● AVAILABLE DATA
========

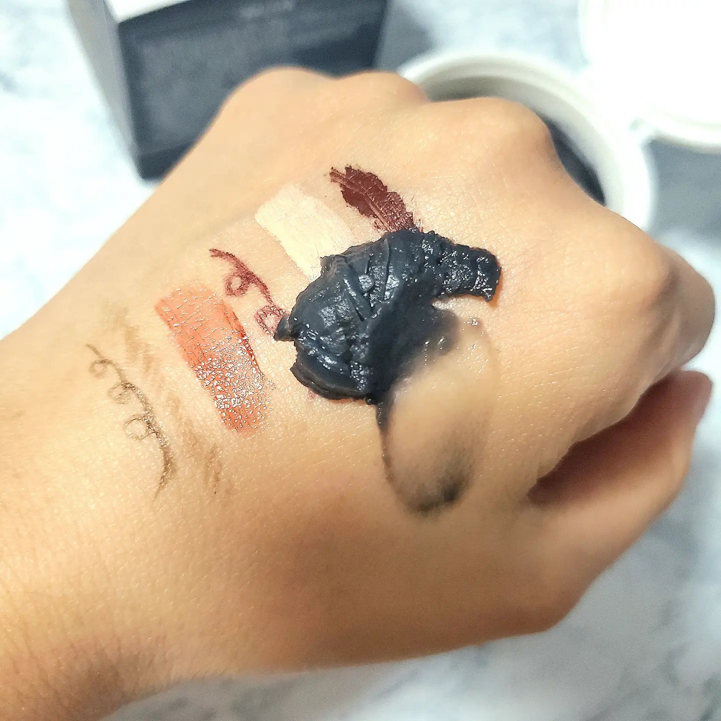 まつ毛の先端部分は透明であるということに着目した、新発想のまつ毛を染めるティント。 3日間朝晩連続の使用で、まつ毛の先端部分を染めあげ素まつ毛をいきいきさせてくれます。 スウォッチ、乾いたら擦っても全然落ちなかったのでまぶたにつかないようにつけた方が良いと思います。 寝方によっては、枕にもついてしまう可能性があるかもしれない、とのことです。 スキンケアの一番最後に使ってくださいとのことでしたがまつ毛美容液と併用する場合はティントの後に美容液を使用するのだそう。
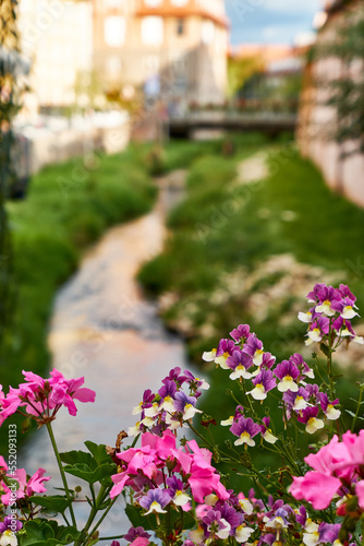 Lila blühende Blumen vor dem Bachlauf der Schwabach in der Altstadt Schwabach, Deutschland
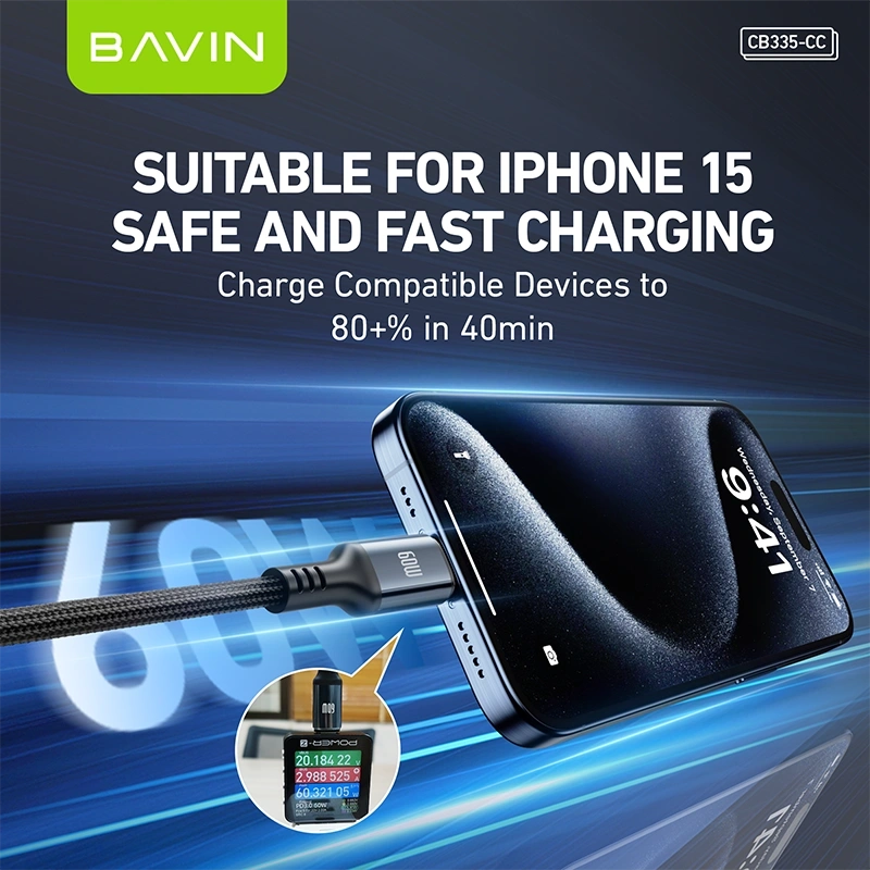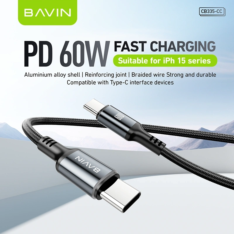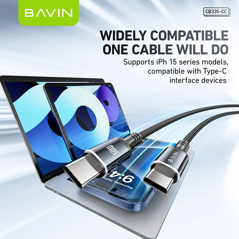 The BAVIN CB335-CC USB-C to USB-C Cable supports up to 60W fast charging, making it ideal for smartphones, tablets, and laptops. With a durable braided design and 1.2-meter length, it ensures stable power delivery and reliable data transmission for everyday use.
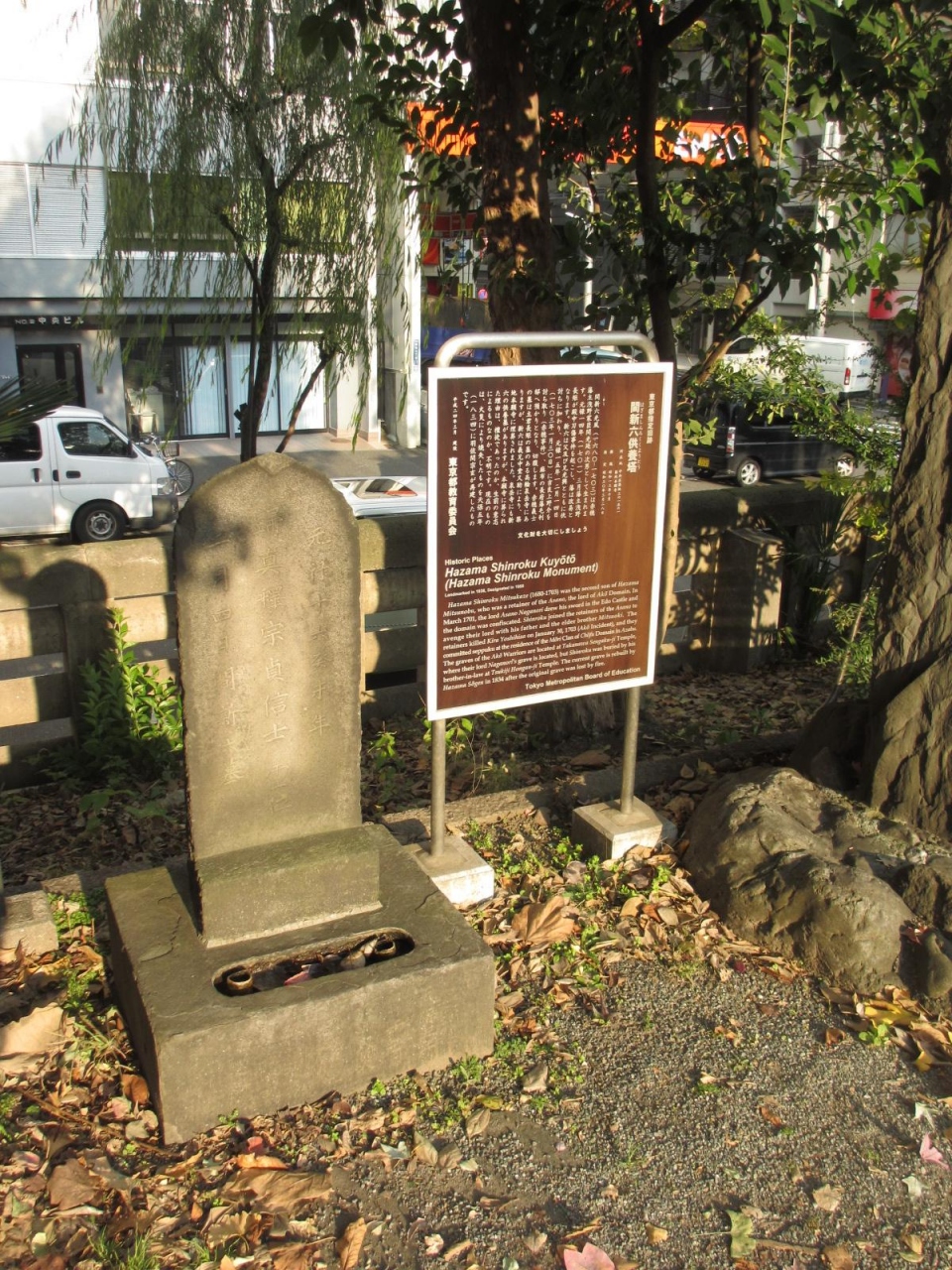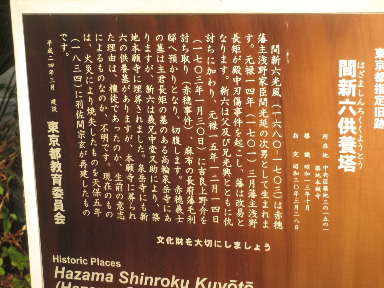 東京メトロ日比谷線築地駅1番出口を出るとすぐの場所、新大橋通り沿いにある浄土真宗本願寺派の築地本願寺の境内に入って左の突き当りまで進むと、碑や塔が並んでいる場所がありその中にあります。間新六は父・兄とともに吉良上野介を討ち取った人物ですが、なぜ築地本願寺に埋葬されたかは不明だそうです。

========

● WHAT TO WORK ON
Print the lines from the line with "Lila blühende Blumen" to the end of the data above. Include both ends, exclude the pictures, and add nothing else.

● SOLUTION FOR THIS EXERCISE
 Lila blühende Blumen vor dem Bachlauf der Schwabach in der Altstadt Schwabach, Deutschland
 The BAVIN CB335-CC USB-C to USB-C Cable supports up to 60W fast charging, making it ideal for smartphones, tablets, and laptops. With a durable braided design and 1.2-meter length, it ensures stable power delivery and reliable data transmission for everyday use.
 東京メトロ日比谷線築地駅1番出口を出るとすぐの場所、新大橋通り沿いにある浄土真宗本願寺派の築地本願寺の境内に入って左の突き当りまで進むと、碑や塔が並んでいる場所がありその中にあります。間新六は父・兄とともに吉良上野介を討ち取った人物ですが、なぜ築地本願寺に埋葬されたかは不明だそうです。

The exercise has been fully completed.